SHAP Beeswarm Plots for CNVoyant pathogenic classification. SHapley Additive exPlanations (SHAP) values are provided to illustrate the impact of genomic features on the machine learning classification of CNVs SHAP values offer a measure of each feature's contribution to the model's prediction, with higher absolute values indicating greater influence. Separate models were trained for (a) CNV deletions and (b) duplications; beeswarm plots are provided for each. Each point in the graph indicates a feature value for a specific training CNV. Positive SHAP values indicate that features support a pathogenic classification, and negative values detract from a pathogenic classification. The color intensity reflects the magnitude of feature values.
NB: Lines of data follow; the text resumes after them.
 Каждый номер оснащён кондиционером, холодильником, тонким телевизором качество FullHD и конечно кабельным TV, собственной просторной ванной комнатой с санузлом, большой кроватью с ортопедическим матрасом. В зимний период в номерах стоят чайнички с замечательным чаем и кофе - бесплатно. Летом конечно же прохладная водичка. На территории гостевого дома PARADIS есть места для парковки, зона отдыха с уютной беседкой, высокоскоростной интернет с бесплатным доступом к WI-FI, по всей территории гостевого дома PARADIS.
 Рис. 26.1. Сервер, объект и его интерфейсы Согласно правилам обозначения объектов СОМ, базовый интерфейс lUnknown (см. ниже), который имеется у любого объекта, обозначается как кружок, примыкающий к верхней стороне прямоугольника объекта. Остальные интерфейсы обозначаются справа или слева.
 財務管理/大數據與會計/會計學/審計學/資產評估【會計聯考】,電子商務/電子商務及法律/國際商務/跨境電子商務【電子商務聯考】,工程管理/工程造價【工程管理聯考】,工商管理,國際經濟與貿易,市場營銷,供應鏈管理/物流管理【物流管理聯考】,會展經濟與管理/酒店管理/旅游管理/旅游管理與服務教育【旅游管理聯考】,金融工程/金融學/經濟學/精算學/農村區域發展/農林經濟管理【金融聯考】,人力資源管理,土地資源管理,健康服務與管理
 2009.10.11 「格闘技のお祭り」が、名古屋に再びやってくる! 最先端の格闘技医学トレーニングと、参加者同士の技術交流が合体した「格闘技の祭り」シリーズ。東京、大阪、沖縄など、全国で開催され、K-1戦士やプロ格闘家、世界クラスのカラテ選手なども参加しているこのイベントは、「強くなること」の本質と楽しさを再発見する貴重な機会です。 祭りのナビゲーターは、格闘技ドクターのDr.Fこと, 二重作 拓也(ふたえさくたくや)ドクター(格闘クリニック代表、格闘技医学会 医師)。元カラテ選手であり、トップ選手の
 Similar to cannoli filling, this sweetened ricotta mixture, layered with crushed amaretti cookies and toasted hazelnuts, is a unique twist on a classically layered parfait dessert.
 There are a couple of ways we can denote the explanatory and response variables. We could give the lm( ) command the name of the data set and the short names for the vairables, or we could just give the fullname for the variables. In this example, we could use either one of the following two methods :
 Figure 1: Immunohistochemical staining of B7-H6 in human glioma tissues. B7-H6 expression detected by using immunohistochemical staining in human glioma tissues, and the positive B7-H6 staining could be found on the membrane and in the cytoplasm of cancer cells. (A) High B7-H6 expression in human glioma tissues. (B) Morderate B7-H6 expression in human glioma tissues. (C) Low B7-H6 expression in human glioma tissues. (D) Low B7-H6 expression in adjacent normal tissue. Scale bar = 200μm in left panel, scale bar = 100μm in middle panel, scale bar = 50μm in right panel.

Features are displayed in descending order by influence on the model's decision. Detailed feature descriptions are provided in the CNVoyant Feature Selection section of the Methods.

Fig. 5

Multi-Class confusion matrices for CNV classification. This visualization presents confusion matrices for CNVoyant, dbCNV, and ClassifyCNV, showcasing the algorithms' ability to classify CNVs into multiple categories. The matrices illustrate the correlation between actual categories (row-wise) and predicted categories (column-wise), with color intensity indicating the proportion of observations normalized by the totals for actual labels. Darker shades denote higher proportions, highlighting the model’s classification capability per category. Ideally, a perfect classifier would have all observations along the diagonal line from the top left to the bottom right, indicating accurate category prediction for every observation. Among the algorithms capable of multi-class predictions, CNVoyant outperforms the others, demonstrating more precise classification across different CNV categories. Specifically, CNVoyant exhibits the most effective classification of benign and pathogenic CNVs, with F1 scores of 0.466 and 0.773, respectively. This compares favorably to dbCNV, with benign and pathogenic F1 scores of 0.427 and 0.729, and ClassifyCNV, with significantly lower scores of 0.084 for benign and 0.622 for pathogenic CNVs. Notably, while ClassifyCNV shows a preference for variants of uncertain significance (VUS) predictions with an F1 score of 0.689, it underperforms in benign CNV classification. CNVoyant not only leads in category-specific F1 scores but also achieves the highest overall accuracy rate of 0.669, indicating a greater proportion of correct predictions across all categories, compared to ClassifyCNV (0.626) and dbCNV (0.610). Additionally, CNVoyant maintains the highest average F1 score across categories (0.629), evidencing its superior balanced performance across benign, pathogenic, and VUS classifications, in contrast to dbCNV (0.565) and ClassifyCNV (0.465), which exhibit lower average F1 scores.